Des éphèbes haïtiens gentils, inquiétants ou carrément malhonnêtes chassent et croisent de riches quinquagénaires blanches en mal de baise, elles-mêmes un rien retorses ou fort ingénues. « Pourquoi, mon Dieu, as-tu fait pousser sur ce tas de fumier une fleur aussi étincelante que Legba ? [ ] Laissez-moi vous dire qu’il n’y a rien dans le Nord pour les femmes de plus de quarante ans. »
Dany Laferrière récidive avec des thèmes qui lui collent au cœur, le soleil de Port-au-Prince, les impitoyables relations Nord-Sud et le sexe. L’écrivain montréalais dit et redit la joie de vivre et la misère séculaire qui s’entrecroisent dans son pays d’origine, là où le paradis voisine l’enfer. Sourire en coin, il aborde la prostitution masculine avec brutalité, avec la franchise qui le caractérise.
Vers le sud estné d’une œuvre précédente remaniée – La chair du maître (1997) – ; il compte une vingtaine de courts récits plus ou moins indépendants les uns des autres. Le délicat cisèlement descriptif et le langage fortement visuel de Laferrière en séduisent plus d’un. « La grosse femme se met à danser, sans musique.
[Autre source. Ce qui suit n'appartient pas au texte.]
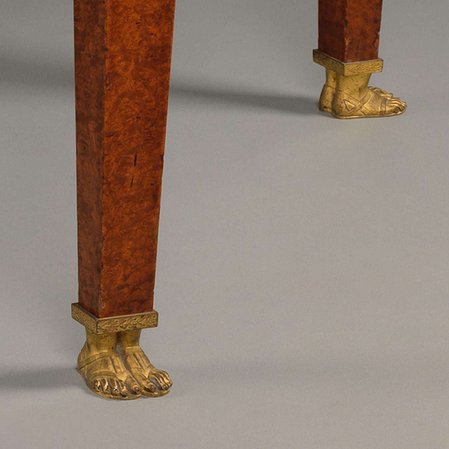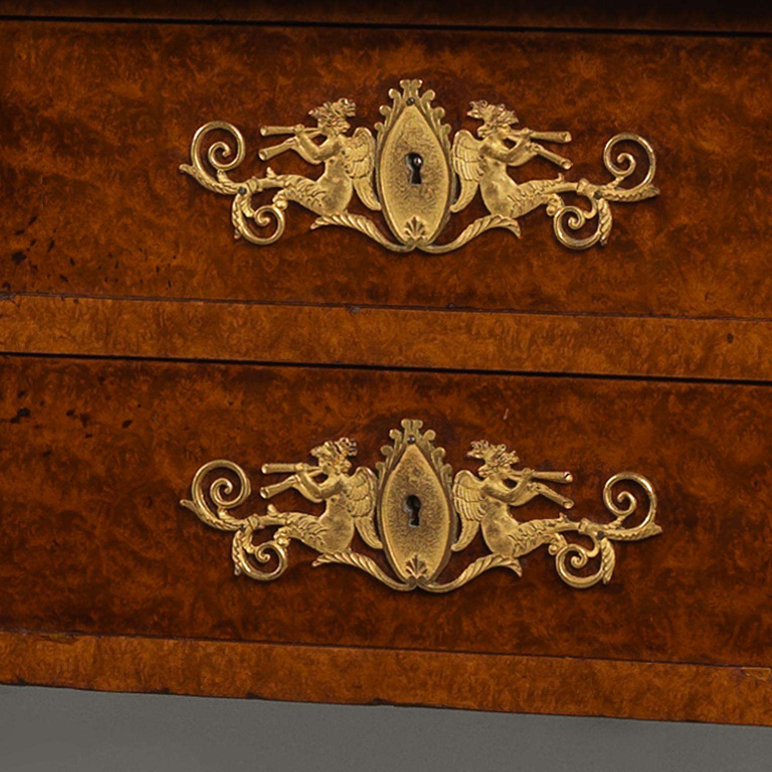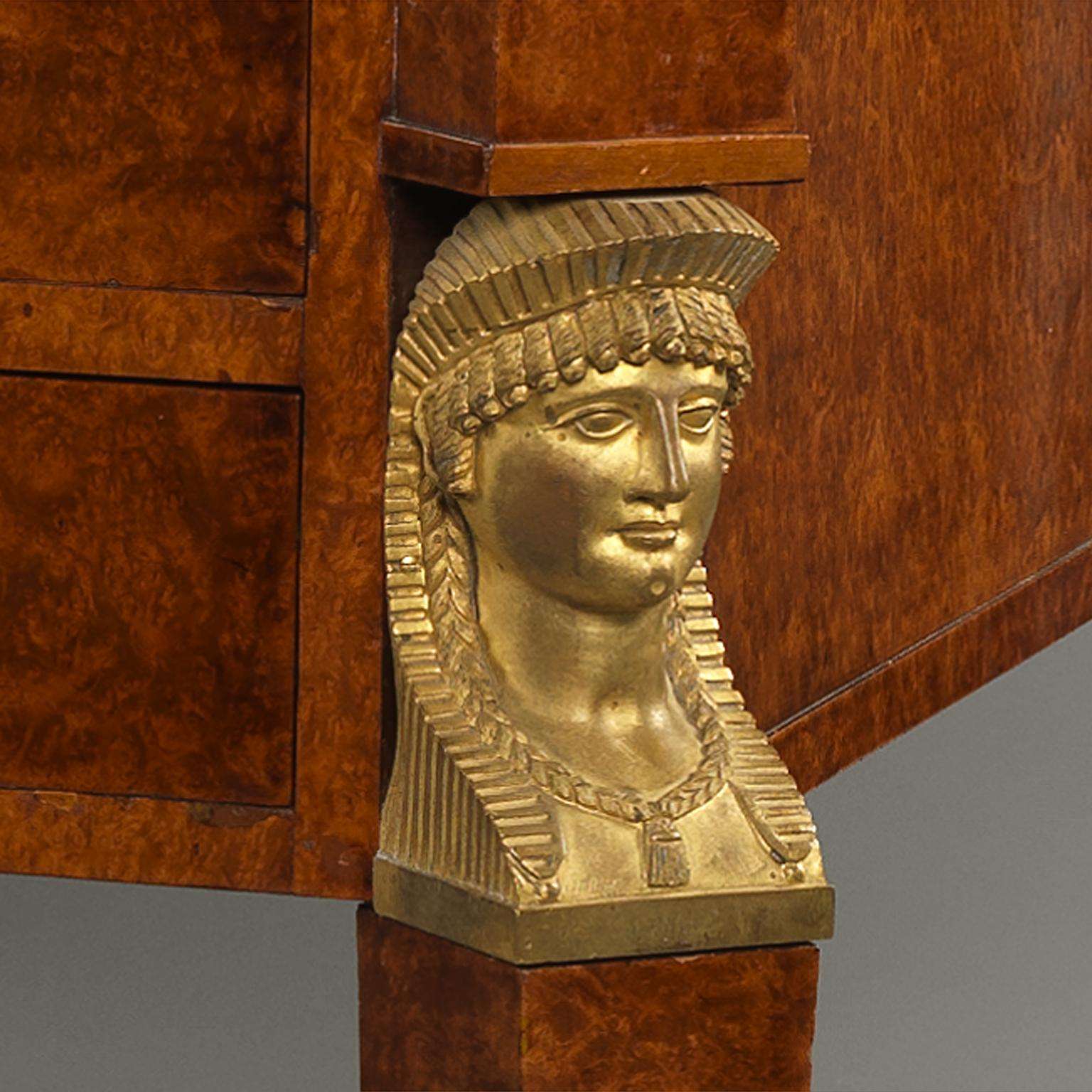 Creator: Maison Forest (Maker) Dimensions: Height: 30.32 in (77 cm) Width: 55.91 in (142 cm) Depth: 33.08 in (84 cm) Style: Empire (In the Style Of) Materials and Techniques: Amboyna, Bronze, Gilt Place of Origin: France Period: Late 19th Century Date of Manufacture: circa 1900 Condition: Good – Lightly used, with very light scratches, or minor cosmetic wear, but has no structural issues. Most antique and vintage items fit this condition.

On entend seulement le bruit sourd de ses talons nus sur la terre. » Le livre a par ailleurs été porté à l’écran par Laurent Cantet avec Charlotte Rampling, Louise Portal et le sculptural Ménothy César.
Si Vers le sud plaît avec ses scènes d’ombre et de lumière, il désappointe parfois : éternel jeu amoureux sans surprise, banales conspirations entre hommes et femmes ou plutôt entre jeunes hommes et femmes vieillissantes. Dans ce livre inégal, à la limite du roman à deux sous, les lieux communs déçoivent le lecteur. « Un cri rauque. Une bouche tordue de désirs trop longtemps retenus. » Étonnant chez un auteur dont la qualité du vocabulaire peut être souvent bien jouissive.